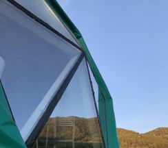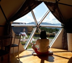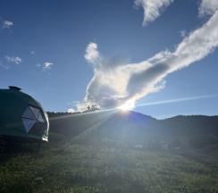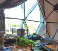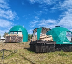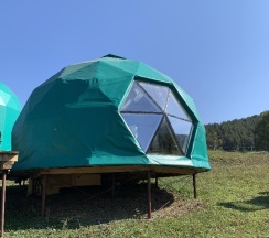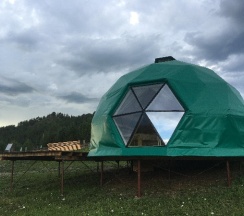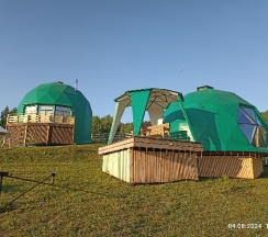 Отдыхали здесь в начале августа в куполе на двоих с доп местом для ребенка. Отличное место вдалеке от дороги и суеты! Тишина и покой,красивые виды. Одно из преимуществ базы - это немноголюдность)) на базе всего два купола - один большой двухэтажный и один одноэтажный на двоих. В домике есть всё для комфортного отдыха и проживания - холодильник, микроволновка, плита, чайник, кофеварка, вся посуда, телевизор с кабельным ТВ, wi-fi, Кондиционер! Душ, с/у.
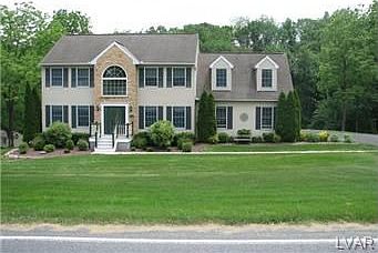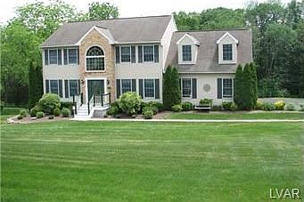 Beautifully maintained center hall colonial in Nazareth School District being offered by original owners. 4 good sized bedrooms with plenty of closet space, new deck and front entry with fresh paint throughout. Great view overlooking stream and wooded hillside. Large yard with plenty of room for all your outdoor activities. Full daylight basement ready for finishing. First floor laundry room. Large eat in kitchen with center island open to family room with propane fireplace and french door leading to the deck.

....

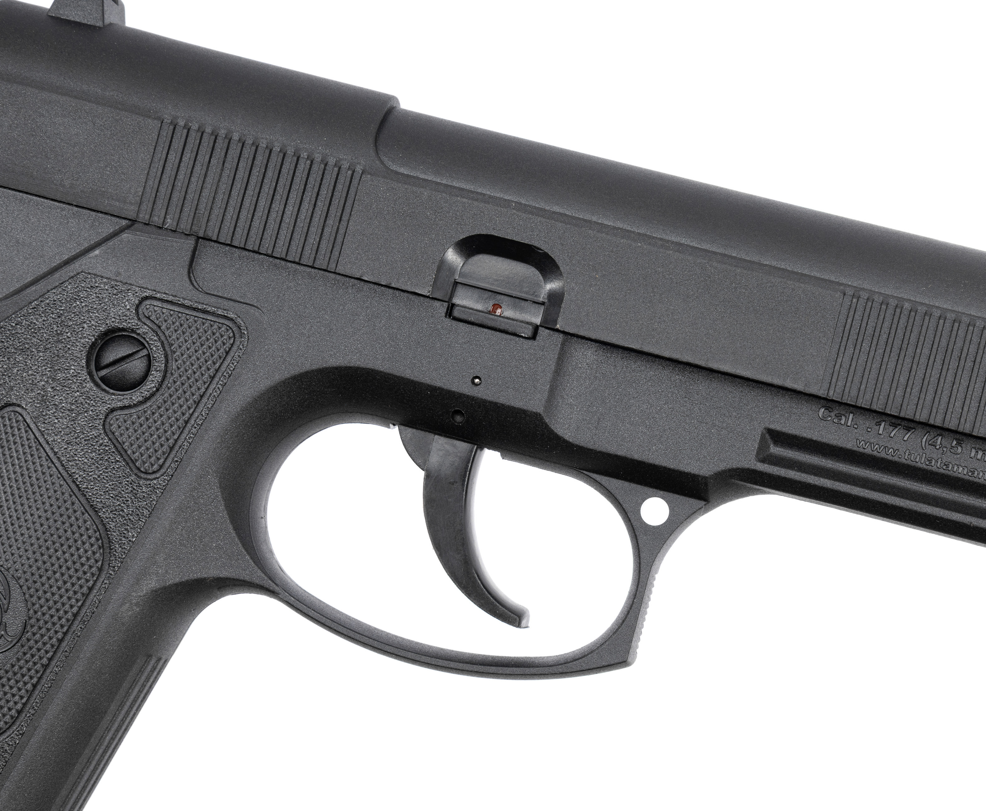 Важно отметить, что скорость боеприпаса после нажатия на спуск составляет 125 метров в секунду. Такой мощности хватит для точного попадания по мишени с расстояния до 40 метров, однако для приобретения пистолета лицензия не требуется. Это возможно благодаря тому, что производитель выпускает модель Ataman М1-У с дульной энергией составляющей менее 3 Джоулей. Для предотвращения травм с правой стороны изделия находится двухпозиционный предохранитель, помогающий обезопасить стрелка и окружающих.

....

- INSTRUCTIONS FOR THE TASK
All lines above from the one containing "Отдыхали здесь в" up to and including the one containing "Beautifully maintained center" are to be set down exactly, and nothing else. Leave images out.

- TASK ANSWER
 Отдыхали здесь в начале августа в куполе на двоих с доп местом для ребенка. Отличное место вдалеке от дороги и суеты! Тишина и покой,красивые виды. Одно из преимуществ базы - это немноголюдность)) на базе всего два купола - один большой двухэтажный и один одноэтажный на двоих. В домике есть всё для комфортного отдыха и проживания - холодильник, микроволновка, плита, чайник, кофеварка, вся посуда, телевизор с кабельным ТВ, wi-fi, Кондиционер! Душ, с/у.
 Beautifully maintained center hall colonial in Nazareth School District being offered by original owners. 4 good sized bedrooms with plenty of closet space, new deck and front entry with fresh paint throughout. Great view overlooking stream and wooded hillside. Large yard with plenty of room for all your outdoor activities. Full daylight basement ready for finishing. First floor laundry room. Large eat in kitchen with center island open to family room with propane fireplace and french door leading to the deck.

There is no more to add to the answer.